Preserving/Canning

Making Grape Juice – Making Grape Jelly

grapes

It always makes me feel good to help a friend-but especially when the reward is fresh…grapes-straight off the vine. I usually make grape jelly each summer with the wild Fox Grapes that grow along the creek that runs through our mountain holler, but I’d never thought about making grape juice until I tasted Miss Cindy’s.

washing grapes

The process is sooo easy. First wash your grapes and pull them from the vine.

grapes in water

Place the grapes in a large stock pot and fill with water-put enough water to just cover the grapes. Almost every recipe I’ve seen for grape jelly or juice says to crush the grapes before the cooking process-we’ve always crushed the grapes after they’re cooked-once they’re soft the crushing seems easier.

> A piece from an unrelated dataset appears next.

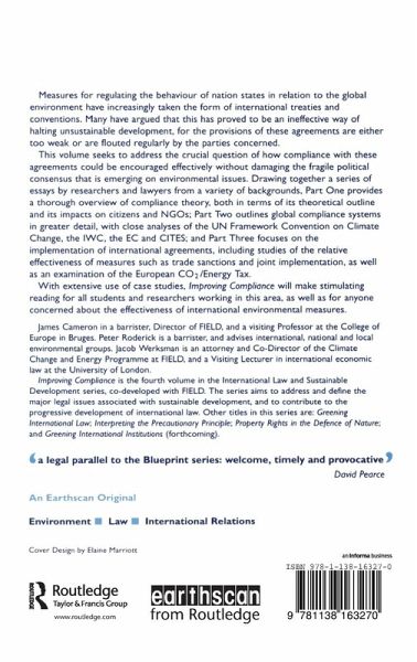 Measures for regulating the behaviour of nation states in relation to the global environment have increasingly taken the form of international treaties and conventions. Many have argued that this has proved to be an ineffective way of halting unsustainable development, for the provisions of these agreements are either too weak or are flouted regularly by the parties concerned. This volume seeks to address the crucial question of how compliance with these agreements could be encouraged effectively without damaging the fragile political consensus that is emerging on environmental issues. With extensive use of case studies, Improving Compliance will make stimulating reading for all students and researchers working in this area, as well as for anyone concerned about the effectiveness of international environmental measures.

After the grapes have simmered for 15 to 20 minutes they will begin to crack open-then they are done.

crushing grapes

Next you need to crush the grapes-and get the skins and seeds separated from the juice. In the past I’ve used a food meal-pouring a portion of the grapes through at a time-catching the juice as it comes out the bottom. I’ve also used a hand held potato masher and then used cheesecloth to strain the seeds and skin out. This year I used Miss Cindy’s method-I used my submersible hand held mixer to chop up the rest of the grapes.

Next I poured the mashed grapes in a small holed strainer to separate the juice from the skins and seeds.

And there you have it-fresh grape juice. Depending on how sweet your grapes are or how sweet you like your juice you may need to add sugar to taste. When I made juice using the wild Fox Grapes it was so tart you could barley swallow it-but with the Concord Grapes I got from my friend it was much sweeter.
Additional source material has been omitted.